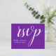 Este elegante y respetable diseño de tarjetas postales RSVP incluye el mensaje "rsvp" en la parte delantera, junto con un nombre para la ocasión del personalizable. También incluye un formulario RSVP de personalizable en la parte posterior, junto con una dirección de personalizable a la que se enviarían las tarjetas RSVP completadas. Tarjetas RSVP como esta pueden ser usadas para averiguar quién asistirá a una fiesta de cumpleaños, una ducha de bebé, una recepción de boda o alguna otra celebración.
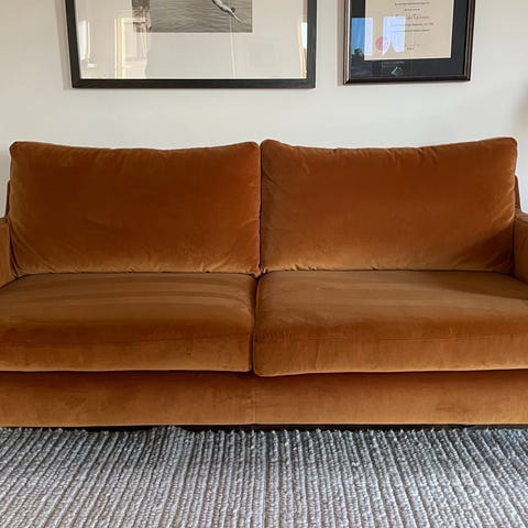 Mio soffa i röd sammetstyg. Soffan har två sittdynor och två ryggkuddar samt smala armstöd. Ben i mörkt trä med metallfärgade avslut. Passar som sittmöbel i vardagsrum eller liknande utrymme.
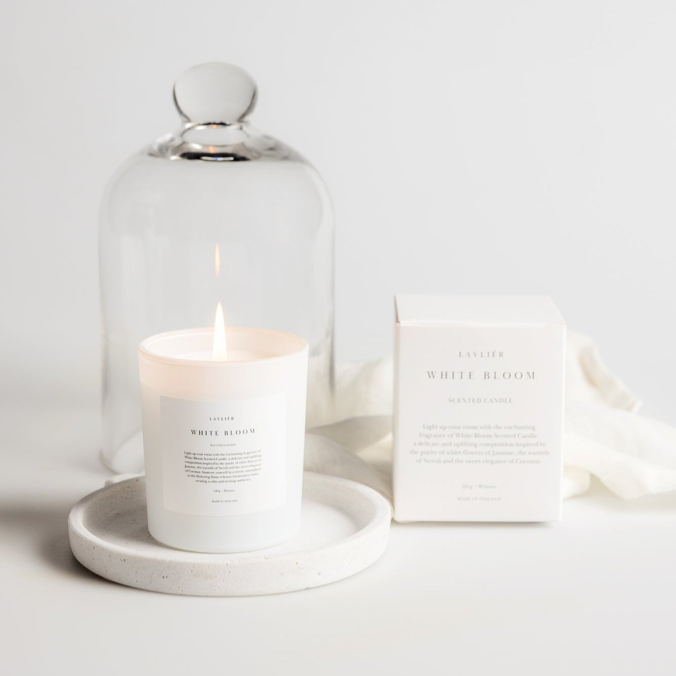 The White Bloom Scented Candle is made in Finland with high-quality wax, ensuring a clean and even burn. The flickering flame dances gracefully, casting a warm and comforting glow that complements the tranquil fragrance. As the candle melts, the room becomes a sanctuary of relaxation, inviting you to unwind and appreciate the timeless beauty of white blooms.
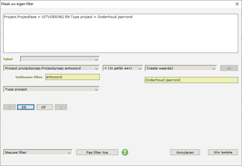 De belangrijkste en eerste stap om de onderhoudsprojecten te kunnen kopiëren is een selectie van de projecten waar het om gaat. In de meeste gevallen zal dit een filter zijn van alle projecten met status uitvoering en het projectgroep antwoord “Onderhoud Jaarrond” zoals hieronder opgezet.
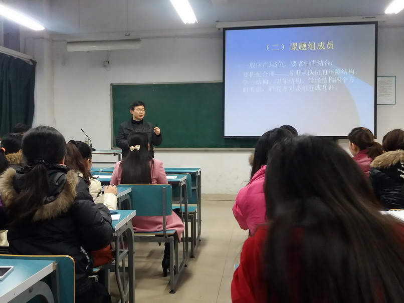12月10日下午,应科技产业处和外国语学院的邀请,上海外国语大学博士生导师孙胜忠教授在西区医教104教室作了题为《项目申报与申请书的撰写》的学术报告。报告会由外国语学院党委书记、院长石秀光主持。学院60余名青年教师聆听了报告。
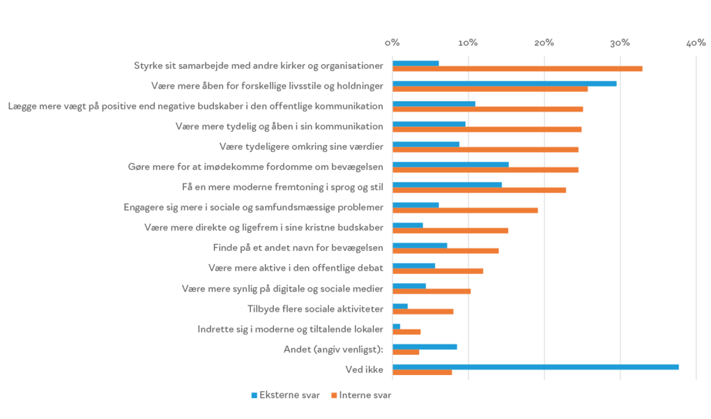 »Hvis Indre Mission skal styrke sit omdømme, hvilke af disse tiltag vil så have størst betydning for dig?« Det spørgsmål stilles både i den eksterne og i den interne undersøgelse.

## WHAT YOU SHOULD DO
The copy should hold exactly the lines from the line containing "The White Bloom" through the last line of the records, both included, and no pictures or other lines.

## ANSWER SECTION
 The White Bloom Scented Candle is made in Finland with high-quality wax, ensuring a clean and even burn. The flickering flame dances gracefully, casting a warm and comforting glow that complements the tranquil fragrance. As the candle melts, the room becomes a sanctuary of relaxation, inviting you to unwind and appreciate the timeless beauty of white blooms.
 De belangrijkste en eerste stap om de onderhoudsprojecten te kunnen kopiëren is een selectie van de projecten waar het om gaat. In de meeste gevallen zal dit een filter zijn van alle projecten met status uitvoering en het projectgroep antwoord “Onderhoud Jaarrond” zoals hieronder opgezet.
12月10日下午,应科技产业处和外国语学院的邀请,上海外国语大学博士生导师孙胜忠教授在西区医教104教室作了题为《项目申报与申请书的撰写》的学术报告。报告会由外国语学院党委书记、院长石秀光主持。学院60余名青年教师聆听了报告。
 »Hvis Indre Mission skal styrke sit omdømme, hvilke af disse tiltag vil så have størst betydning for dig?« Det spørgsmål stilles både i den eksterne og i den interne undersøgelse.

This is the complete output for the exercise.